Since 1929 other copies of his films have been discovered, but only 200 of his films have been recovered. The survivors confirm that Georges Méliès was the first auteur. Méliès took films and transformed them from being documentaries and made them adventures, turned displays into theatrical shows.
The Making of Le Voyage dans la Lune
At the time of release, most films were still only a minute in length and showed either real life, especially pomp and circumstance, or short comic sketches.
Méliès worked as producer, director, designer, editor, painter, and actor on the film, which was made in the film studio he himself had designed. In the mornings the sets were constructed and the scenery painted, so that filming could take place promptly between 11am-3pm, which was the time when the sun lit the stage. Filming began in May 1902 and it took 3 months to make, finishing in July. The film length was 260 metres6, featured 30 tableaux, and cost 10,000 Francs to make its 13,795 frames of film. At a rate of 16 frames per second, viewing would normally take 14 minutes.
Filming completed, Méliès had 60 prints of the film coloured. Although most prints were made in black-and-white, a few were coloured by hand. This was done on a frame-by-frame basis by Mme Elisabeth Thuillier. Having began as a glass and magic lantern colourist, Thuillier employed 300 women in her studio located at 87 Rue de Bac in Paris, paying each girl 1 Franc a day to colour in black-and-white films frame-by-frame. Each girl would paint one colour, and there were up to ten colours in each scene. For these services the standard charge was 1,000 Francs for films up to 300 metres in length. This process gave Méliès' films an unreal quality which perfectly accentuated the fantastic themes.

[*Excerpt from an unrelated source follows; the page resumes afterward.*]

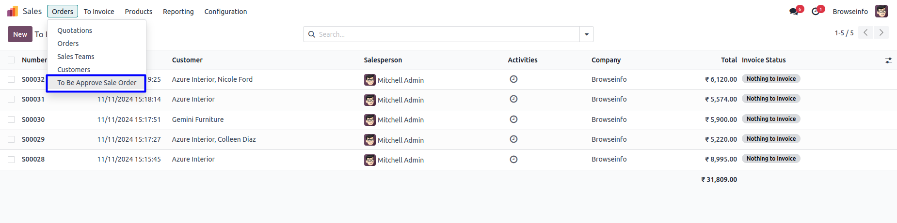 Under Sales > Orders > To Be Approve Sale Order menu user can see sales order to approve.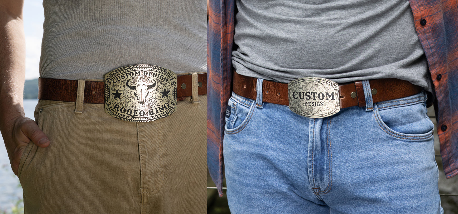 Each custom belt buckle is made to order, deeply etched with your design, and backed by our FOREVER GUARANTEE: "You break it, we fix it." Each buckle features handmade, bi-metal hardware, hand soldered with lead-free solder. Our custom metal belt buckles are individually powder coated to offer superior longevity and a resilient, crisp image.

The scene of the capsule landing in the sea was made by filming an aquarium, a technique he had used previously in his film Quais de La Havane et Explosion du cuirassé Le Maine, (The Explosion of the Battleship Maine in Havana Harbour).Sadly, Thomas Edison took advantage of the genius by stealing his most famous film, Le Voyage dans la Lune. Edison's London representative Al Abadie secretly copied the film, sending the copy to America to be counterfeited and have Méliès' Star Film trademark removed. This film piracy meant that Méliès never saw a cent of the profit his film had made in America. As a result Georges Méliès' brother and nephew, Gaston and Paul Méliès, were sent to America to open a Star Films Production office in New York in January 1903 to prevent such piracy ever reoccurring.
Inspiration
The main inspiration behind the film came from three books and an opera. In 1865, Jules Verne published De la Terre à la Lune, known in English as From the Earth to the Moon, with the sequel Autour de la Lune, also known as Around the Moon, published five years later in 1870. These works had inspired an opera by Jacques Offenbach in 1875, entitled Le voyage dans la Lune, the same title as Méliès' later film. In 1901 HG Wells published First Men in the Moon, about two men who actually land on the moon. It is an oversimplification, but Jules Verne inspired the journey to and from the moon, while Wells inspired what actually happened on the Moon, with Méliès' magic transforming what might have been adaptations into something uniquely his own.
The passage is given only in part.